▶ **WHAT TO DO**: Output, word for word, the line that contains "21 грудня їй" and all lines after it in the records below, omitting pictures.

EXTRACTED MATERIAL: Begin

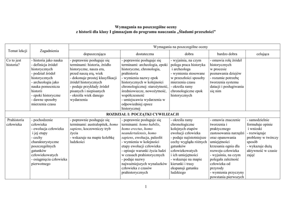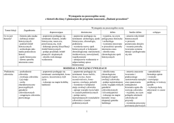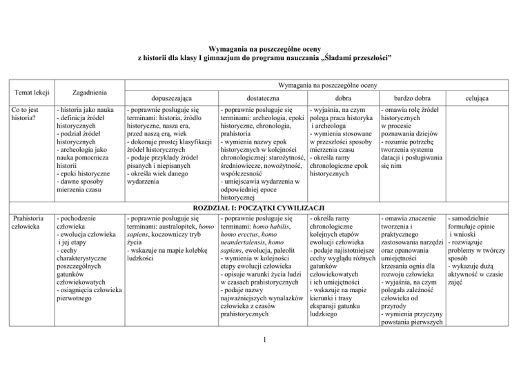 Wymagania na poszczególne oceny z historii dla klasy I gimnazjum do programu nauczania „Śladami przeszłości” Wymagania na poszczególne oceny Temat lekcji Co to jest historia? Prahistoria człowieka Zagadnienia - historia jako nauka - definicja źródeł historycznych - podział źródeł historycznych - archeologia jako nauka pomocnicza historii - epoki historyczne - dawne sposoby mierzenia czasu dopuszczająca - poprawnie posługuje się terminami: historia, źródło historyczne, nasza era, przed naszą erą, wiek - dokonuje prostej klasyfikacji źródeł historycznych - podaje przykłady źródeł pisanych i niepisanych - określa wiek danego wydarzenia dostateczna dobra bardzo dobra - poprawnie posługuje się terminami: archeologia, epoki historyczne, chronologia, prahistoria - wymienia nazwy epok historycznych w kolejności chronologicznej: staroŜytność, średniowiecze, nowoŜytność, współczesność - umiejscawia wydarzenia w odpowiedniej epoce historycznej - wyjaśnia, na czym polega praca historyka i archeologa - wymienia stosowane w przeszłości sposoby mierzenia czasu - określa ramy chronologiczne epok historycznych - omawia rolę źródeł historycznych w procesie poznawania dziejów - rozumie potrzebę tworzenia systemu datacji i posługiwania się nim ROZDZIAŁ I: POCZĄTKI CYWILIZACJI - określa ramy - pochodzenie - poprawnie posługuje się - poprawnie posługuje się chronologiczne terminami: australopitek, homo terminami: homo habilis, człowieka kolejnych etapów - ewolucja człowieka sapiens, koczowniczy tryb homo erectus, homo Ŝycia neandertalensis, homo ewolucji człowieka i jej etapy - podaje najistotniejsze - cechy - wskazuje na mapie kolebkę sapiens, ewolucja, paleolit - wymienia w kolejności cechy wyglądu róŜnych charakterystyczne ludzkości gatunków etapy ewolucji człowieka poszczególnych - opisuje warunki Ŝycia ludzi człowiekowatych gatunków człowiekowatych w czasach prahistorycznych i ich umiejętności - wskazuje na mapie - osiągnięcia człowieka - podaje nazwy najwaŜniejszych wynalazków kierunki i trasy pierwotnego człowieka z czasów ekspansji gatunku prahistorycznych ludzkiego 1 - omawia znaczenie tworzenia i praktycznego zastosowania narzędzi oraz opanowania umiejętności krzesania ognia dla rozwoju człowieka - wyjaśnia, na czym polegała zaleŜność człowieka od przyrody - wymienia przyczyny powstania pierwszych celująca - samodzielnie formułuje opinie i wnioski - rozwiązuje problemy w twórczy sposób - wykazuje duŜą aktywność w czasie zajęć dzieł sztuki praludzi Tajemnice sprzed wieków – Jak zbadano pochodzenie człowieka? - teorie dotyczące powstania człowieka - Karol Darwin i jego odkrycie - zadania antropologii Czas wielkich - wpływ zmian klimatu przemian na Ŝycie człowieka - rewolucja neolityczna - początki rolnictwa i hodowli - pierwsze osady - budowle megalityczne - początek metalurgii - przedstawia główne załoŜenia teorii Karola Darwina - wymienia teorie dotyczące powstania człowieka - poprawnie posługuje się terminami: rewolucja neolityczna, osiadły tryb Ŝycia, osada, epoka brązu, epoka Ŝelaza - przedstawia zmiany, które zaszły w Ŝyciu człowieka w okresie neolitu - podaje nazwy metali wykorzystywanych przez praludzi do wytopu broni, narzędzi, ozdób - poprawnie posługuje się terminami: ewolucjonizm, antropologia - opisuje, czym zajmuje się antropolog - omawia sposoby ustalania wieku znalezisk - omawia teorię ewolucji Karola Darwina - wyjaśnia róŜnice między teorią kreacjonizmu a ewolucjonizmu - przedstawia znaczenie badań naukowych oraz wykorzystania róŜnych technologii dla poznania historii człowieka - poprawnie posługuje się terminami: neolit, megalit - określa ramy chronologiczne rewolucji neolitycznej - opisuje Ŝycie codzienne ludzi przed rewolucją neolityczną - omawia sposób wytopu brązu i Ŝelaza - przedstawia wpływ zmian klimatycznych na tryb Ŝycia człowieka pierwotnego - omawia tryb Ŝycia i zajęcia ludzi epoki neolitu - nazywa i lokalizuje na mapie pozostałości najstarszej znanej osady ludzkiej - wskazuje na mapie miejsce połoŜenia najbardziej znanej - omawia tryb Ŝycia i zajęcia ludzi epoki neolitu - charakteryzuje wygląd osad neolitycznych - opisuje wygląd i funkcje budowli megalitycznych 2 - prezentuje argumenty zwolenników i przeciwników ewolucjonizmu Ponadto: - samodzielnie formułuje opinie i wnioski - rozwiązuje problemy w twórczy sposób - wykazuje duŜą aktywność w czasie zajęć - uzasadnia słuszność określenia rewolucja dla zmian, które zaszły w Ŝyciu człowieka w okresie neolitu Ponadto: - samodzielnie formułuje opinie i wnioski - rozwiązuje problemy w twórczy sposób W kraju Sumerów Babilonia i Asyria budowli megalitycznej - wyjaśnia, jakie zmiany nastąpiły w Ŝyciu człowieka dzięki opanowaniu umiejętności wytopu metali - poprawnie posługuje się - podaje ramy chronologiczne - charakteryzuje - połoŜenie istnienia cywilizacji oddziaływanie geograficzne i warunki terminami: cywilizacja, sumeryjskiej warunków naturalnych naturalne Mezopotamii Mezopotamia, system na Ŝycie mieszkańców - powstanie pierwszych irygacyjny, Sumerowie, miasto- - poprawnie posługuje się państwo terminami: śyzny PółksięŜyc, Mezopotamii państw król-kapłan, zikkurat - organizacja państwa - lokalizuje na mapie - określa rolę rzek w Sumerów Mezopotamię - omawia połoŜenie staroŜytnej Mezopotamii - osiągnięcia - opisuje wygląd miast cywilizacji geograficzne i warunki sumeryjskiej naturalne panujące w sumeryjskich Mezopotamii - wymienia osiągnięcia Sumerów - państwo babilońskie - Hammurabi i jego kodeks prawny - Babilon - państwo asyryjskie - organizacja armii asyryjskiej - poprawnie posługuje się terminami: Babilon, Kodeks Hammurabiego, politeizm - określa, kim był i czym zasłynął Hammurabi - lokalizuje na mapie państwo babilońskie i asyryjskie - omawia najwaŜniejsze zasady pra
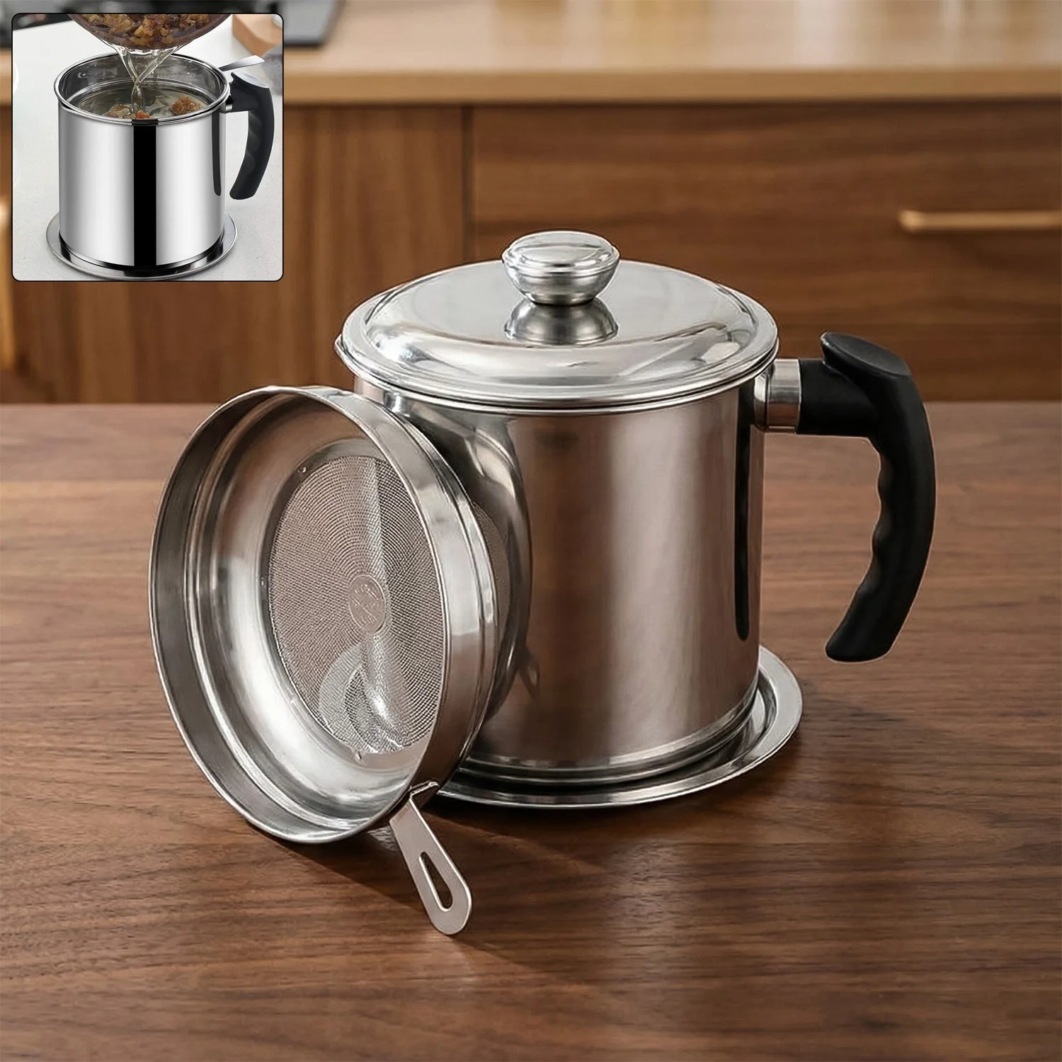 The pot comes with a high-grade stainless steel body, a heat-resistant handle, and a fine mesh strainer that efficiently filters out food crumbs, spices, impurities, and residues from used cooking oil. The included airtight lid protects oil from dust and moisture while the anti-slip base plate prevents countertop scratches and provides stability.
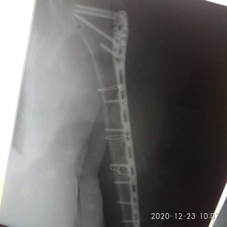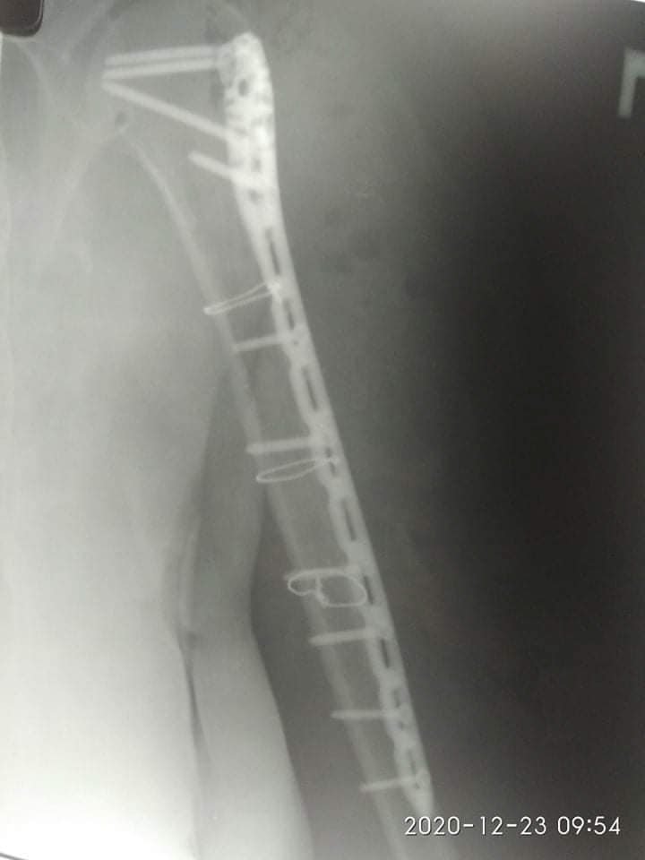 21 грудня їй провели 4-ьох годинну операцію - остеометалосинтез правої плечової кістки за допомогою LCP проксимальної Philos пластини та гвинтів.
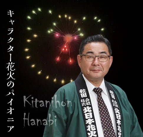 大曲の花火で培われた伝統の技と、最新のアイデアを融合させた花火づくりが特徴。四代目代表取締役の今野義和氏は、火薬の精緻な配合と配列でキャラクターなどを夜空に描く「型物花火の天才」として知られています。
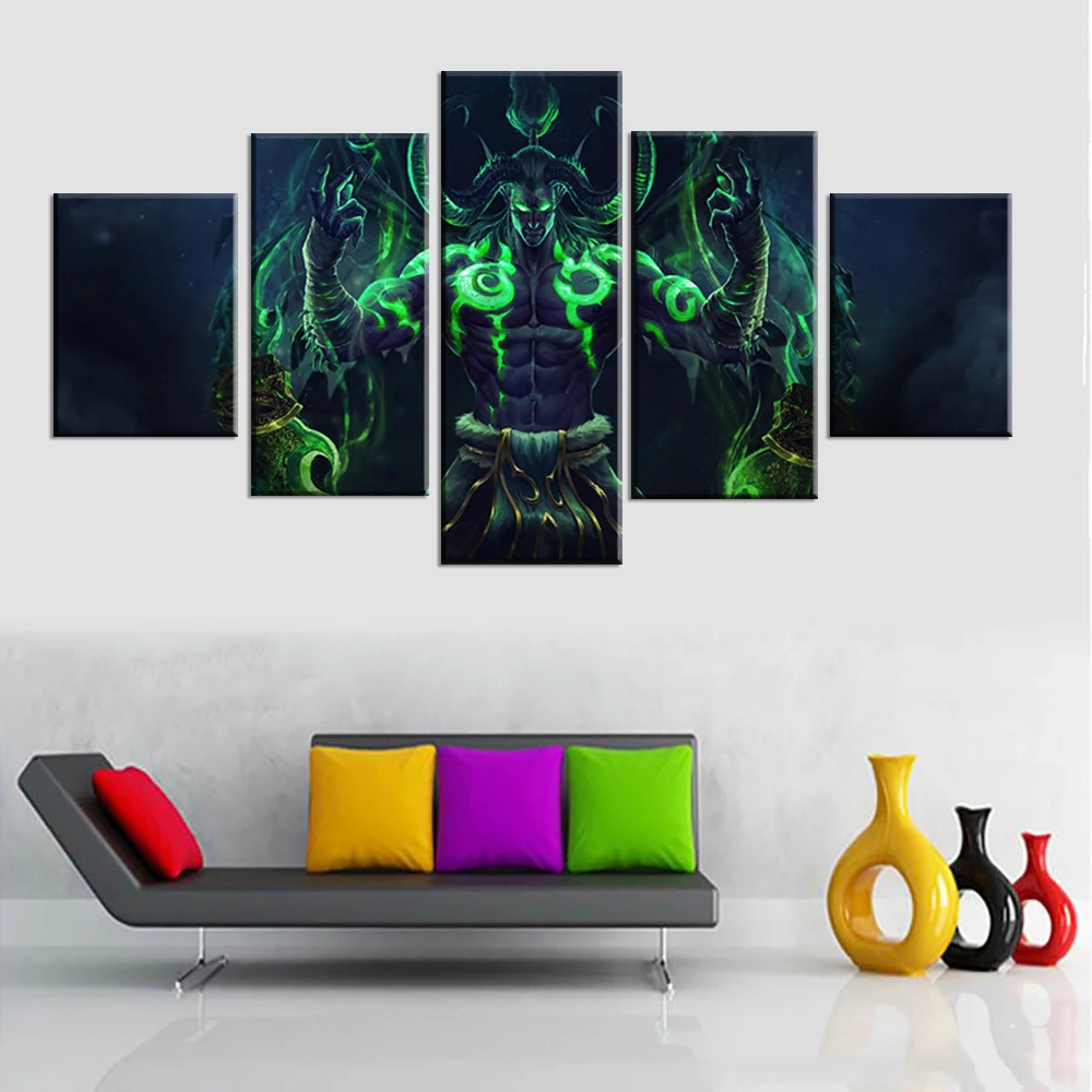 5 панелей, Иллидан, Stormrage, World of Warcraft, игровой постер, рисование, искусство, HD, холст, настенная живопись для домашнего декора, рамка Artwor

EXTRACTED MATERIAL: End

▶ **REPLY**:
 21 грудня їй провели 4-ьох годинну операцію - остеометалосинтез правої плечової кістки за допомогою LCP проксимальної Philos пластини та гвинтів.
 大曲の花火で培われた伝統の技と、最新のアイデアを融合させた花火づくりが特徴。四代目代表取締役の今野義和氏は、火薬の精緻な配合と配列でキャラクターなどを夜空に描く「型物花火の天才」として知られています。
 5 панелей, Иллидан, Stormrage, World of Warcraft, игровой постер, рисование, искусство, HD, холст, настенная живопись для домашнего декора, рамка Artwor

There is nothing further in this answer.